Traditionally, airports have relied on numerous complementary commercial activities apart from travel and ground handling services. The former are called non-aero activities while the latter is termed aero-activities. Airports make commendable revenue from selling ad spaces, offering parking services, leasing retail outlets, and developing hotels for the passengers.
However, there is a larger untapped potential, which has so far not been taken advantage of systematically. Already major international airports in the world make up to 50% of their annual revenue through real estate. In India, the real estate component in the overall revenue structure is still underutilized.
Privatization of the Airports is the Game Changer
Airports are built across large land parcels, which makes them a potential ground for realty developments. Moreover, increased commercial and logistic activities in the vicinity further act as a growth multiplier for real estate demand. Yet, the potential of real estate investments in airports has been overlooked in the past, mostly because managing and operating an airport was a state affair. The Airport Authority of India (AAI) has been managing the airports in the country.
However, by the end of the last decade, airports have been systematically opened for private sector participation. Over the years, private players have extended their footprint in the construction, management, and operationalization of airports. Most of the major airports in India- New Delhi, Mumbai, Bangalore, Hyderabad are majorly run by private entities such as Adani, GMR, and Zurich Airport, while AAI holds a minority share. In the upcoming rounds- six more airports have been opened for privatization- Guwahati, Varanasi, Jaipur, Trivandrum, Mangalore, and Lucknow.
The foray of private players has given a big push to non-aero activities such as real estate developments. For instance, the IGI airport in New Delhi has earmarked 230 acres of land in the vicinity for real estate developments. Out of this an aero city spread across sprawling 55 acres has already been developed. In other airports as well, developing and selling real estate is part of the overall package that has been chalked out.
The Way Forward
There is a natural demand for real estate in proximity to the airport, which drives increased investment in developing and selling complementary infrastructure. Most of the major airports have cargo services, which naturally translates into demand for modern warehouses and logistic parks. Similarly, passengers need quality hotels in the vicinity, especially tourists, business travellers and the ones who are in transit. In fact, around a quarter of hotels in Delhi are located in Aero City. The high volume of passenger commute also makes airports a fertile ground for retail business, F&B, health, and sports, etc.

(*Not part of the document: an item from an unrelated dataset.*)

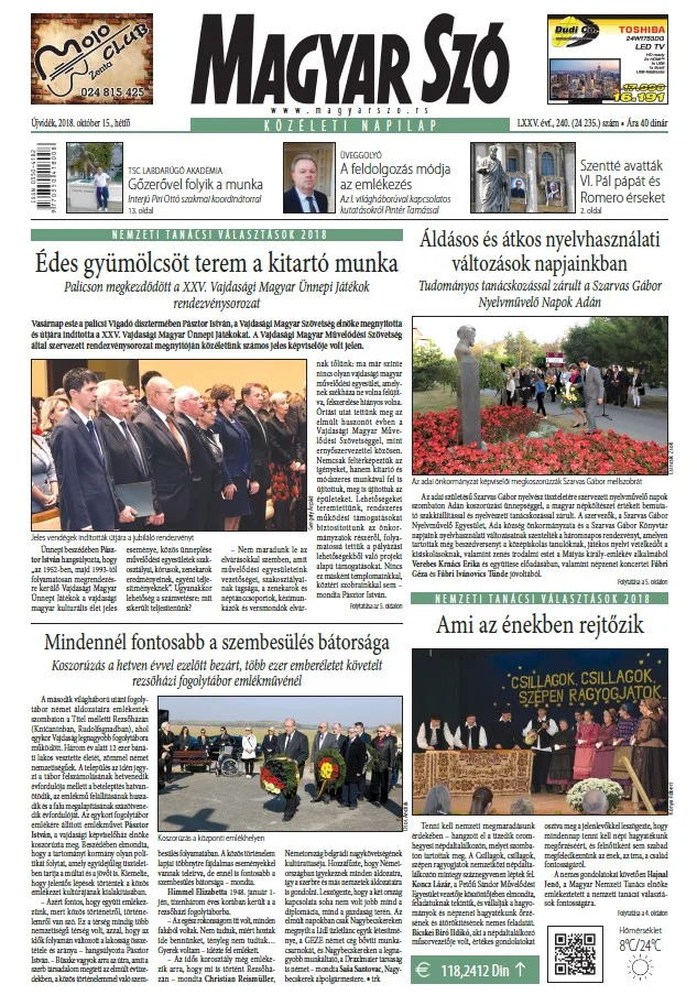 Magyar Szó, 75. évf. 2018. október 15. 240. sz. 1–20. oldal

The region around the airport also enjoys a higher concentration of business and economic activities resulting in a faster uptake of commercial set-ups such as offices, co-working spaces, and business parks. Airport consortiums are also developing convention centres and exhibition halls to tap into the lucrative MICE segment.
In the coming years, there will be further thrust to real estate activities in and around the airport, as the pandemic has softened an otherwise robust aviation sector. Aero revenues will continue to be muted in Indian airports till 2023, despite the uptick in business travellers in recent weeks. GOI has earlier outlined a roadmap to reach an annual air traveller volume of 1 billion by 2030. However, looking at the current fatigue, it will take a few more years to realize this goal.
Meanwhile, the focus will be on ramping the non-aero revenues such as real estate that can build the ground for a faster rebound. Moreover, to lure increased private sector participation in the face of subdued numbers, seamlessly integrating real estate in the overall package will be needed. A diligently structured deal giving ample focus on the non-aero revenue channels as well would not just draw the attention of private players, but also create new revenue streams that can be channelized into further development of the airport.